WORK REQUIRED:
Span requested from the data below: the line with "- Qual é o tamanho" through the line with "Kůň se sedlem", both included. Give only these lines again, exactly, and leave every picture out.

PROVIDED INFORMATION:
'''
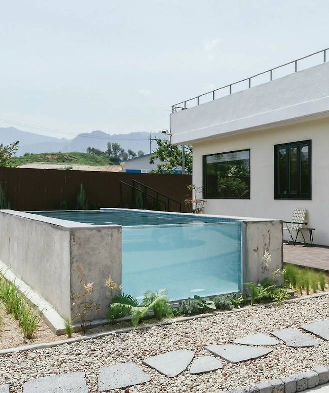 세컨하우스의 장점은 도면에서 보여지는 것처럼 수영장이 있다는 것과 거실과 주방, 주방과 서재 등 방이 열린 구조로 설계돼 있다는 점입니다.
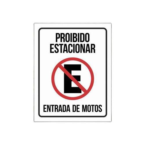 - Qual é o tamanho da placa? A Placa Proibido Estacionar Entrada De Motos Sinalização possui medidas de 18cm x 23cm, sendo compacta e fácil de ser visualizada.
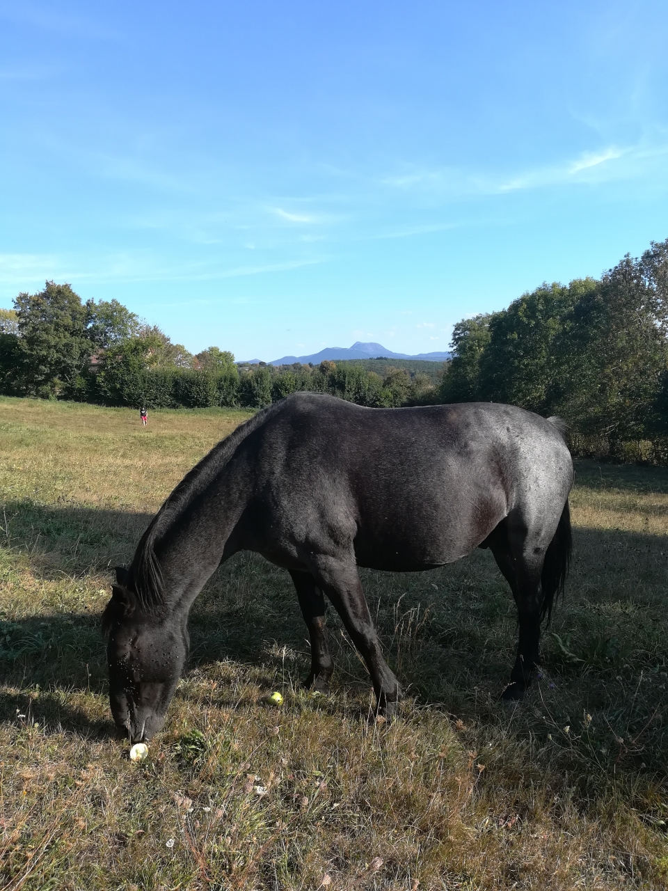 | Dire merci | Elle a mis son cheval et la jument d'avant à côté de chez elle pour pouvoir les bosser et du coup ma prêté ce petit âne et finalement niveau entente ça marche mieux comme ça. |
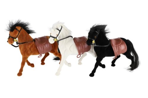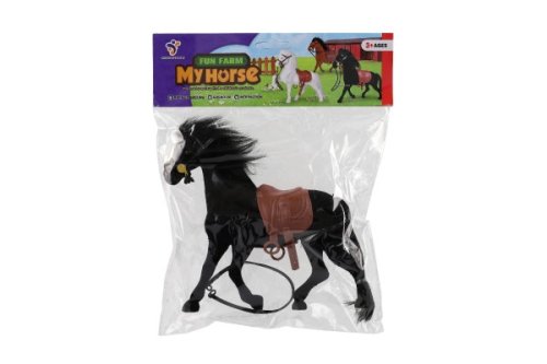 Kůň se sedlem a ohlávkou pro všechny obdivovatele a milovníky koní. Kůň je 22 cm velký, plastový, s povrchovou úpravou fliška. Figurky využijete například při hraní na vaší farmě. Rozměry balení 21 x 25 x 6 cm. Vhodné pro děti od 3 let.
'''
'''
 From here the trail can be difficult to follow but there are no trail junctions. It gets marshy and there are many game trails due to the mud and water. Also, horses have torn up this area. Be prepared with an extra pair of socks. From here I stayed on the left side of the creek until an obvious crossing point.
'''
'''
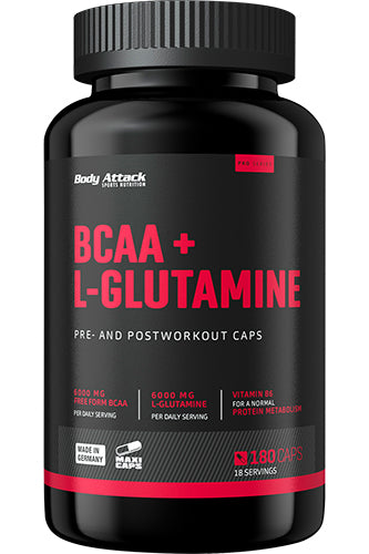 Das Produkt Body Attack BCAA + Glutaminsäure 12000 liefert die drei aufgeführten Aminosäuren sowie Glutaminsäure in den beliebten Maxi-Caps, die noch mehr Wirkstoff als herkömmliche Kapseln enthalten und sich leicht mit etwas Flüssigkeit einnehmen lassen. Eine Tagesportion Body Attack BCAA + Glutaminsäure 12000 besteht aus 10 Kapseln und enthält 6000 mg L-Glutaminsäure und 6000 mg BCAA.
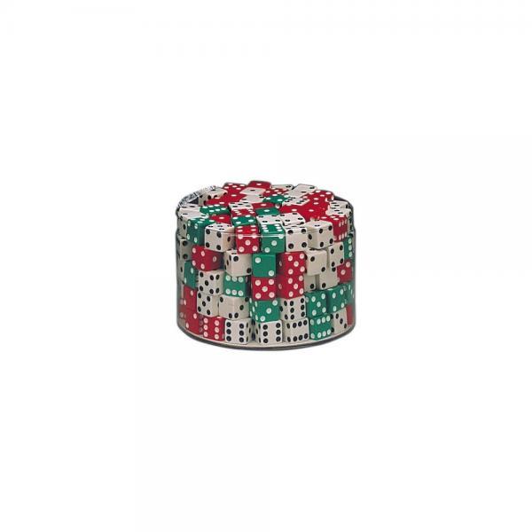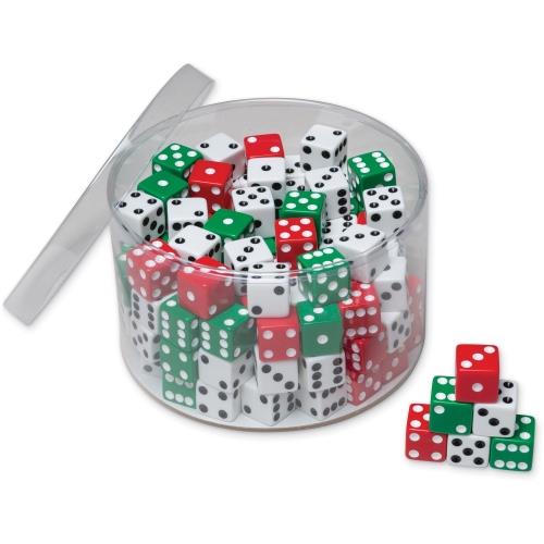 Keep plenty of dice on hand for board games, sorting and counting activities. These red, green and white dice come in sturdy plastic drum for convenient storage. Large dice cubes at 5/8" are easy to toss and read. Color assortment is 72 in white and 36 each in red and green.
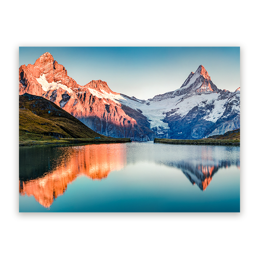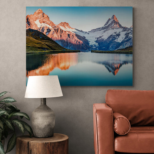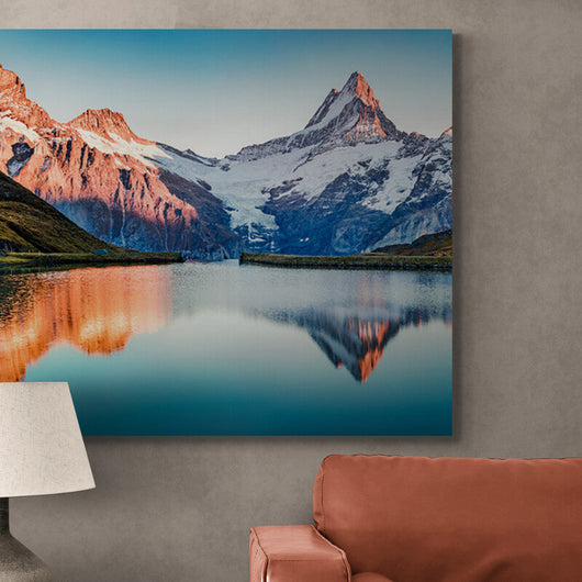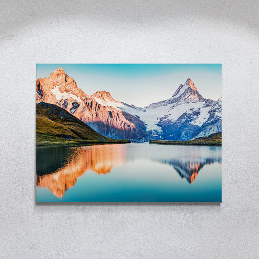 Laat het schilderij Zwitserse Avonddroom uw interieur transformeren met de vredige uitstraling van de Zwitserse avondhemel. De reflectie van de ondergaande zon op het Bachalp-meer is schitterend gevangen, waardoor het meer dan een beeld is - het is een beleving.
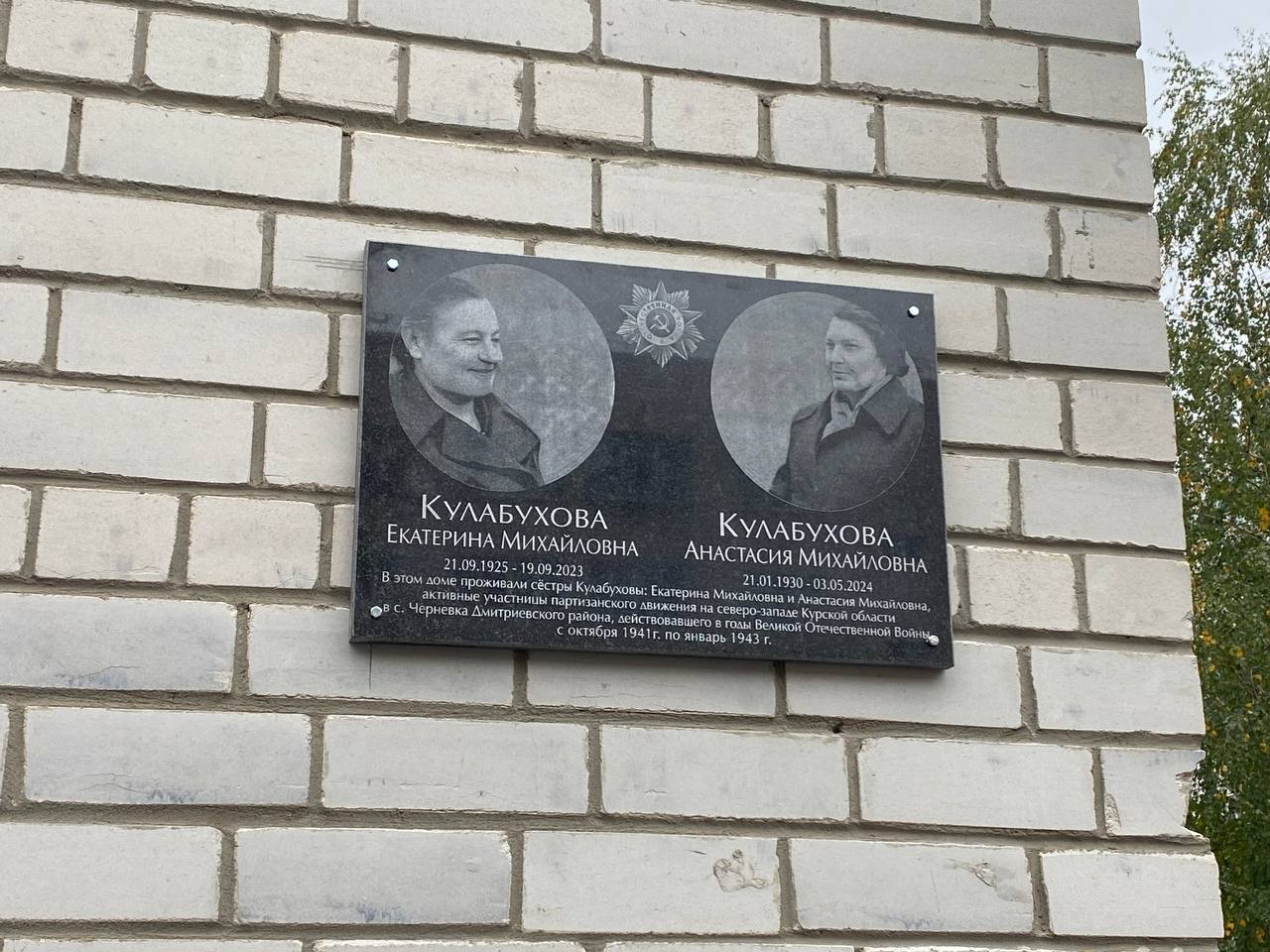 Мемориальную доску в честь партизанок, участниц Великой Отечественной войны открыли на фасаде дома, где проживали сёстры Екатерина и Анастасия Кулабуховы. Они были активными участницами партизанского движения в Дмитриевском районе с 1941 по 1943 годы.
'''
ANSWER TO THE PROBLEM:
 - Qual é o tamanho da placa? A Placa Proibido Estacionar Entrada De Motos Sinalização possui medidas de 18cm x 23cm, sendo compacta e fácil de ser visualizada.
 | Dire merci | Elle a mis son cheval et la jument d'avant à côté de chez elle pour pouvoir les bosser et du coup ma prêté ce petit âne et finalement niveau entente ça marche mieux comme ça. |
 Kůň se sedlem a ohlávkou pro všechny obdivovatele a milovníky koní. Kůň je 22 cm velký, plastový, s povrchovou úpravou fliška. Figurky využijete například při hraní na vaší farmě. Rozměry balení 21 x 25 x 6 cm. Vhodné pro děti od 3 let.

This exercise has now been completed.